We frequently do data cleansing and also analytics pipelines by gathering raw tables then doing a sequence of sql statement transformations to produce a final output table (and potentially intermediate tables as the pipeline progresses). The pipeline is still stateless, meaning we can always build the outputs from the given inputs and there are no UPDATE statements. But we would normally use a number of CREATE TABLE xxx_step1 as SELECT ** from yy where / group etc.

Knowing that Dremio does not support INSERT or UPDATE - is it possible to do these kinds of create tables statements? Is there another approach you would recommend for such a pipeline process?
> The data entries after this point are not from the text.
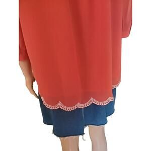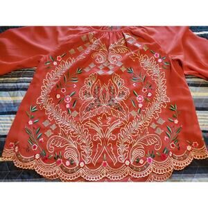 NEW Soft Surroundings Size PM Coral Embroidered Keyhole Scalloped Blouse
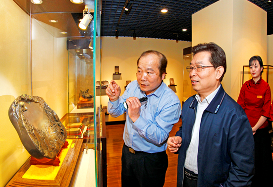 中宣部原秘书长、中国政研会副会长官景辉在中国工艺美术大师、中国文房四宝制砚艺术大师、中国文房四宝协会副会长梁佩阳的陪同下参观北京王府井工美大厦“紫云天工端砚艺术馆”
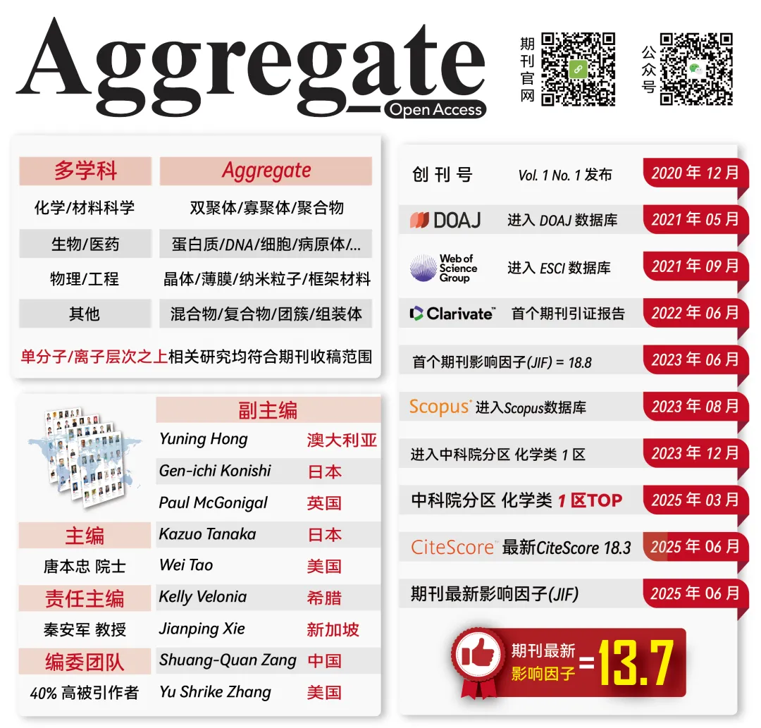 Aggregate 在科睿唯安发布的期刊引证报告(JCR)中,连续四年位列“化学:综合”,“物质化学”和“材料科学:综合”三个学科Q1区,期刊最新影响因子为13.7;在2025年中国科学院文献情报中心期刊分区表中,位列化学大类一区TOP,并进入三个小类一区!
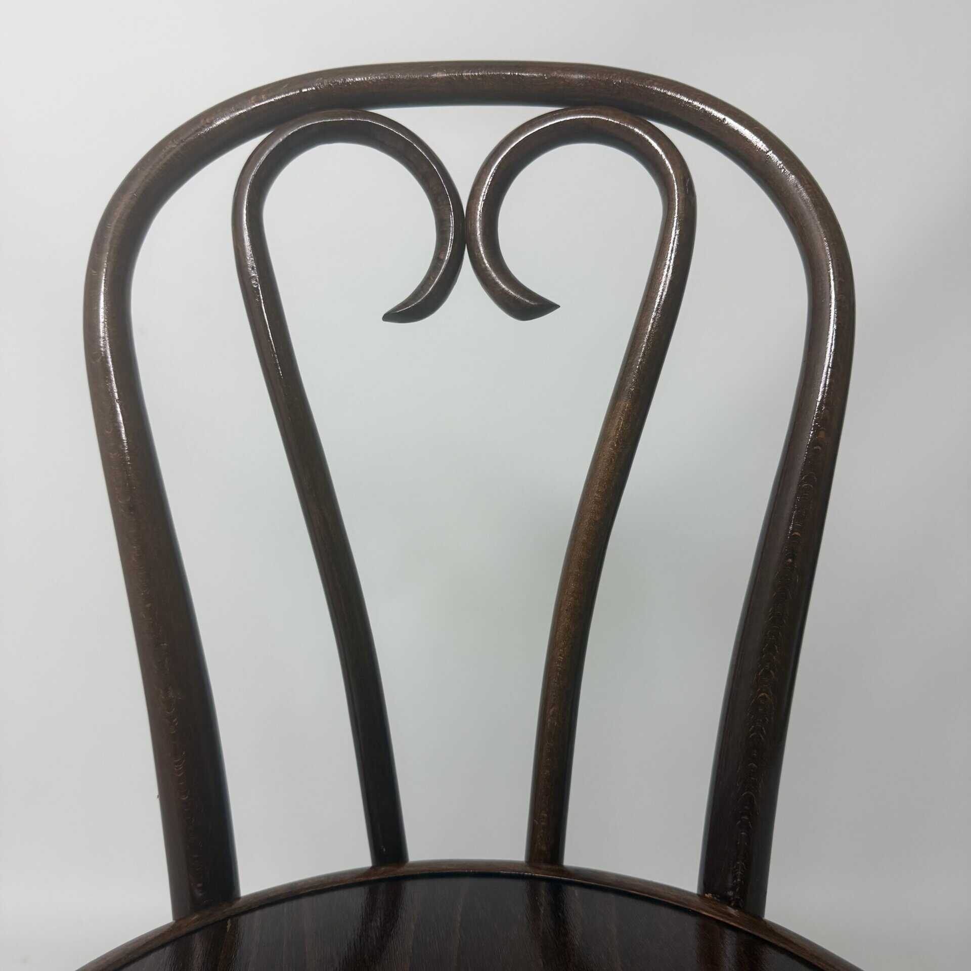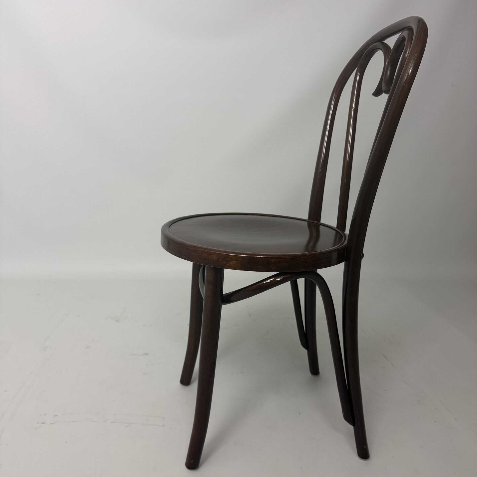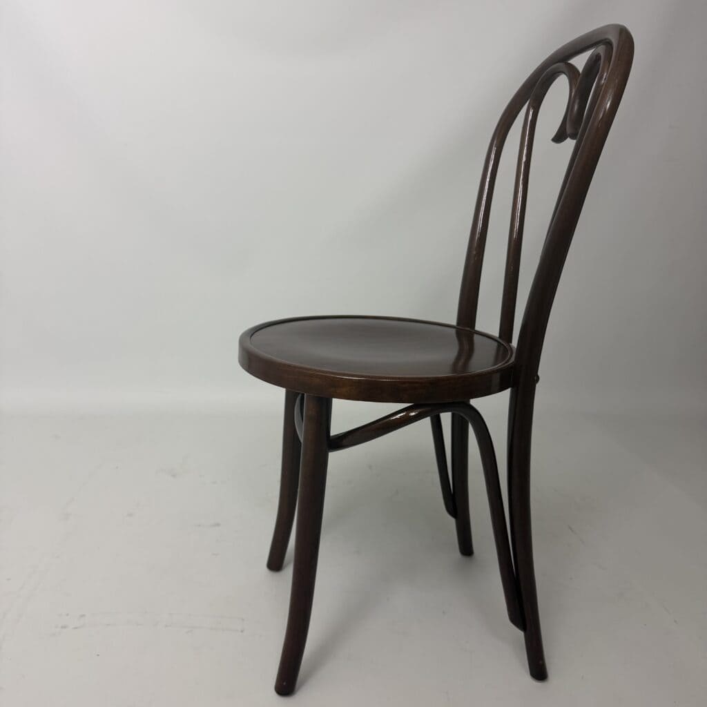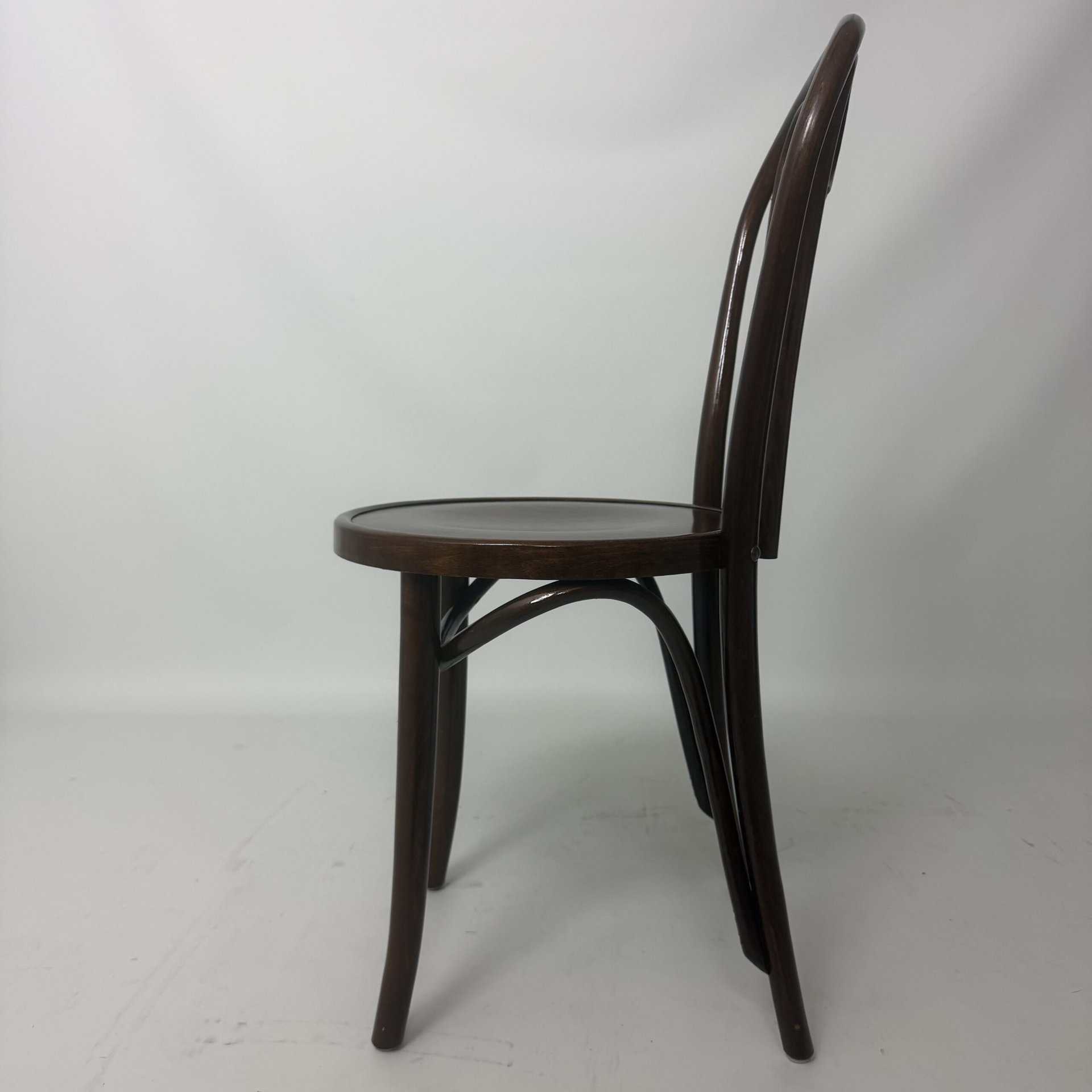 These bistro chairs in Jugendstil are made out of steam-bent beechwood, a traditional method used for lightweight but sturdy seating with a dark stained wood finish

We love Dremio but this one is a challenge when the pipelines are complex. Given the current limitation of the Dremio platform the only obvious solution would be to load Dremio then export intermediate steps then load the results back - which seems very cumbersome.

Thanks

1 Like

Hi Malcolm,

Why couldn’t you create a virtual data set per table. You can derive virtual data sets from other virtual data sets. This way you can create “pipelines” of SQL commands. Dremio also supports nested SELECT statements.

Am I missing something?

Christy

Interesting -
Is there a way to create virtual datasets through the ODBC connector or via some other API? The pipelines we build usually run through a script of some kind.

Your example

should actually be supported today - https://docs.dremio.com/sql-reference/sql-commands/create-table-as.html

And yes VDS can be created via our REST API in our latest release - https://docs.dremio.com/rest-api/catalog/endpoints.html

Can I build acceleration/reflections on top of the $scratch location where a CTAS table is created. This seems like the best possible solution to our use-case. Very exciting.

Sure of course. Per our documentation, the $scratch points to /scratch directory under Dremio's configured distributed cache location. As a next step, you would create a VDS off of that /scratch directory and then a reflection on top of that.

It would be great if you could report back on your final solution so others can learn. Sounds like a great use case for the new REST APIs.